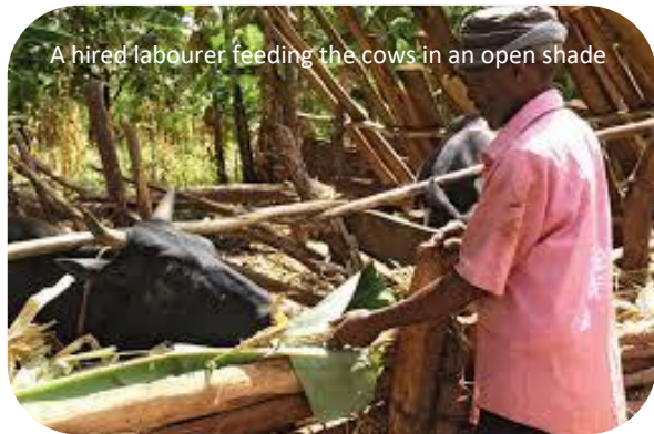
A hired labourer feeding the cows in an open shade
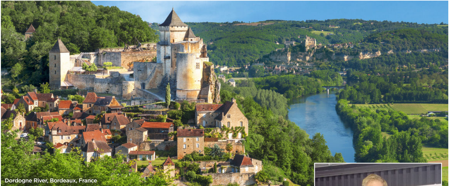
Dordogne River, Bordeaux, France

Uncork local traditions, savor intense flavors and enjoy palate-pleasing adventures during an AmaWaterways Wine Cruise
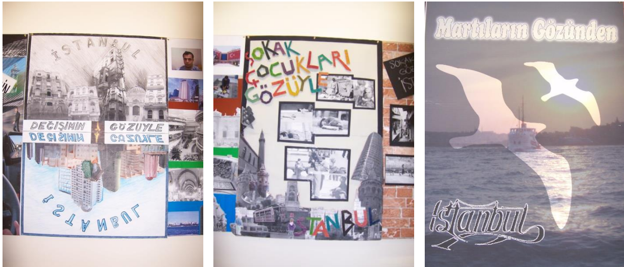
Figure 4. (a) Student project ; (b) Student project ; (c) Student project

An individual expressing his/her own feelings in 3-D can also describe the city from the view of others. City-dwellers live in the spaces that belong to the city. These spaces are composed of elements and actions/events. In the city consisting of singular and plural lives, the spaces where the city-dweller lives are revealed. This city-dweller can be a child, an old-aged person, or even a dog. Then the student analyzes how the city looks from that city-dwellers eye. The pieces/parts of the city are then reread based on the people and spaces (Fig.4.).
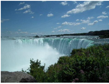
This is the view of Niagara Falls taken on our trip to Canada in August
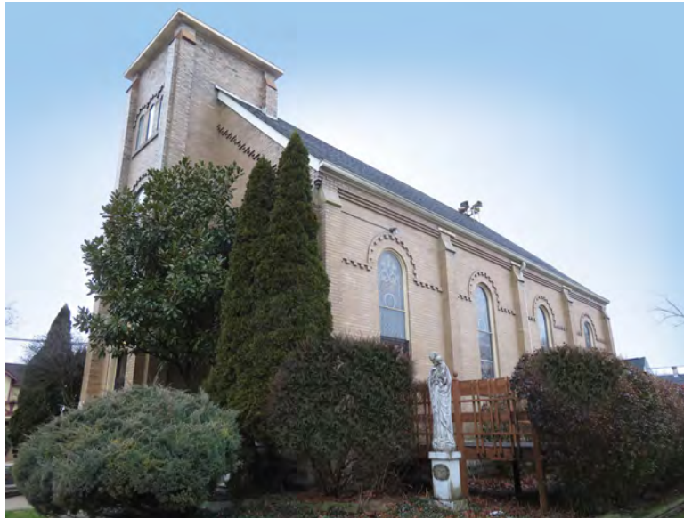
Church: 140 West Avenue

···

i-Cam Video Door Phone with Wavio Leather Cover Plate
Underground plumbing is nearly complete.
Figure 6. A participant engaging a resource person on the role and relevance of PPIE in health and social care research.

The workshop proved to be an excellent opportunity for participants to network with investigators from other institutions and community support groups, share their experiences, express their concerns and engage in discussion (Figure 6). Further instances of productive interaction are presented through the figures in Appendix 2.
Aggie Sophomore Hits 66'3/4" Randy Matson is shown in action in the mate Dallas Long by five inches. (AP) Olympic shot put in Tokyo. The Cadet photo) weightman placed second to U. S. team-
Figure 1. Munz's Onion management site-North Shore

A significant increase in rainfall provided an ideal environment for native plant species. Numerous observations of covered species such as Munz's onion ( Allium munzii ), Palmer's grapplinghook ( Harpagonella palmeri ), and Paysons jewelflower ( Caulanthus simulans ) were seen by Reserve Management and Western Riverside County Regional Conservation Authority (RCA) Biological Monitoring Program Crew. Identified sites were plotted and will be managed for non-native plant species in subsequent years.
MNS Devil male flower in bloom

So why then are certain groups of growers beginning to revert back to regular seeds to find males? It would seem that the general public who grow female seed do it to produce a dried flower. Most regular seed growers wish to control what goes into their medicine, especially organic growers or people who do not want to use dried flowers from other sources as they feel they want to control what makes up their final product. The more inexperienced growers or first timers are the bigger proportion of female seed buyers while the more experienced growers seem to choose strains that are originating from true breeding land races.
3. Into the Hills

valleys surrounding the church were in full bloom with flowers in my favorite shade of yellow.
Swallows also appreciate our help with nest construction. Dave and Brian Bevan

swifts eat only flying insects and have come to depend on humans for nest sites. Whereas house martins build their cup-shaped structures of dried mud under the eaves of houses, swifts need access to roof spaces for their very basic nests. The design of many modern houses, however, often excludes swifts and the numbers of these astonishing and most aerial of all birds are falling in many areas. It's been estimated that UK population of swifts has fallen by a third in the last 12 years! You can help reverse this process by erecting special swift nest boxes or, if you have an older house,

···

(WHAT YOU SHOULD DO) Whenever the word "shade" occurs in a line above, copy that line.

(OUTPUT FOR THIS EXERCISE)
A hired labourer feeding the cows in an open shade
valleys surrounding the church were in full bloom with flowers in my favorite shade of yellow.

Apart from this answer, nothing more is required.